Otherwise if one uses PyCharm or any other IDE with a possibility to debug, the contents of df_main
can be revealed via debug.
What we were missing, is that df_main = df_main.append(df_temp)
is placed in a slightly wrong place. On first iteration it works well, pd.to_datetime(df_main['timeStamp'], unit='s')
gets an str
type with Linux epoch and gets converted to pandas._libs.tslibs.timestamps.Timestamp
.
But on next iteration df_main['timeStamp']
already has the Timestamp type and it gets appended with str
type, so we get a column with mixed type. E.g.:
type(df_main['timeStamp'].iloc[0]) == type(df_main['timeStamp'].iloc[-1])
This results with False. Hence when trying to convert Timestamp to Timestamp one gets an error featured in question.

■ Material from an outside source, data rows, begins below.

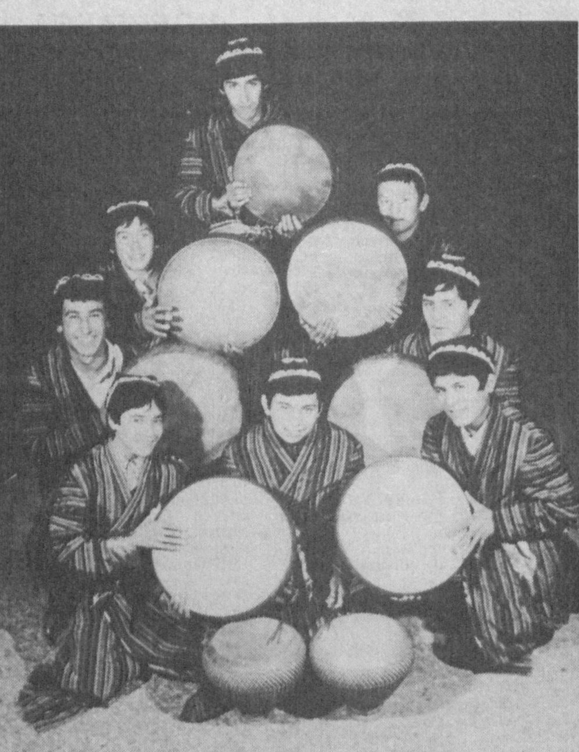
«Қизил тоғ» очик турдаги хиссдорлик жамиятига қарашли Индира Ганди номи маданият саройи доимо санъат илосмандлари билан гапжум.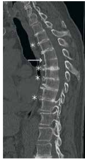
KUVA 3. Rintarangan sagitaalinen tietokonetomografialeike. Rintarangan keskivaiheilla huomattavaa diskusmadaltumaa ja päätelevyissä degeneratiivisia muutoksia, rintarangan keskivaiheilla miltei luutunut diskusväli (nuoli). Väleissä, joissa on vielä diskusta, nähdään varsinkin anteriorisesti syykehän (anulus fibrosus) kalkkiuraa (tähdet).

Akuutti valeskelekohtaus ja siihen liittyvät turvotus, punoitus ja kuumotus voivat olla vaikeasti erotettavissa akuutista kihti-kohtauksesta tai septisestä artriitista (4). Sinällään nivelnesteeseen positiivinen kidelöydös ei sulje pois samanaikaista bakteeritulehdusta, ja varsinkin akuutin monoartriitin yhteydessä septinen arttriitti on syytä sulkea pois. Tyypillisestä kihti-kohtauksesta poiketen niveltulehdus voi jatkua viikkojen ja jopa kuukausien ajan, kuten potilaallamme (1). Kun pyrofosfaattiarthropatia vau-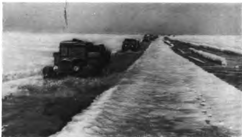
Весна 1942 года. Лед еще крепок, но перевозки с каждым днем становятся труднее.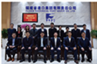
（文：陈宇韬）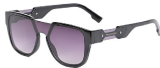
ERROR SMK BLK sluneční brýle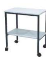
Ref. 043 Table de téléphone à 2 niveaux

To mitigate this we can place .append()
below the conversion and do this conversion on df_temp
instead of df_main
, this way we will only append Timestamps to the resulting DataFrame and the code below with if
clause will work fine.
Another small change I've made was datetime.date(2022, 1, 1)
. This change was not needed, but the way one works with datetime
depends on how this library was imported, so it's worth mentioning:
import datetime
datetime.date(2022, 1, 1)
datetime.datetime(2022, 1, 1).date()
from datetime import datetime
datetime(2022, 1, 1).date()
All the above is legit and will produce the same. On the first import module
gets imported, on the second one type
gets imported.
Conversion to Timestamp takes time. If the API provides Linux epoch dates, why not use this date for comparison? Let's add this somewhere where you define wallet_addresses
:
reference_date = "01/01/2021"
reference_date = int(time.mktime(datetime.datetime.strptime(reference_date, "%d/%m/%Y").timetuple()))

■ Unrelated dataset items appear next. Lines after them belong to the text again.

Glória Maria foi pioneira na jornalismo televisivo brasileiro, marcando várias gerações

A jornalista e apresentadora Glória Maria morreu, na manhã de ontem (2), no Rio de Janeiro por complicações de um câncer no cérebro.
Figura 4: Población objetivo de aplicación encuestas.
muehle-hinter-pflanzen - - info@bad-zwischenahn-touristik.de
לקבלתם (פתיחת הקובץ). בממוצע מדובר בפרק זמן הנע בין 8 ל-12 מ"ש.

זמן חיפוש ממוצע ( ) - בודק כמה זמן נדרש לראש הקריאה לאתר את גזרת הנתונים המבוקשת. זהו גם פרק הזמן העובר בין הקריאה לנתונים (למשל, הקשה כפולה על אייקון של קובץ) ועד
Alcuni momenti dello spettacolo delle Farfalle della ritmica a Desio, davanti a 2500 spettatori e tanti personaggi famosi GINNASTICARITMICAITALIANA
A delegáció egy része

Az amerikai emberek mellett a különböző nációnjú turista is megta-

This will result in 1609448400. Other stack overflow question as reference.
This integer can now be compared with timestamps provided by the API. The only thing left is to cast str
to int
. We can have your code left intact with some minor changes at the end:
<< Your code without changes >>
df_main['timeStamp'] = df_main['timeStamp'].astype(int)
if min(df_main['timeStamp']) < reference_date:
pass
To make a benchmark I've changed while True:
to for _ in range(0,4):
to limit the infinite cycle, results are as follows:
It's 30% faster. Casting str
to int
takes less time than conversion to TimeStamps, I would call this a preferable solution.
FutureWarning: The frame.append method is deprecated and will be removed from pandas in a future version. Use pandas.concat instead.
It makes sense to comply with this warning. df_main = df_main.append(df_temp)
has to be changed to df_main = pd.concat([df_main, df_temp])
.
As for current 1.5.0 version it's already deprecated. Time to upgrade!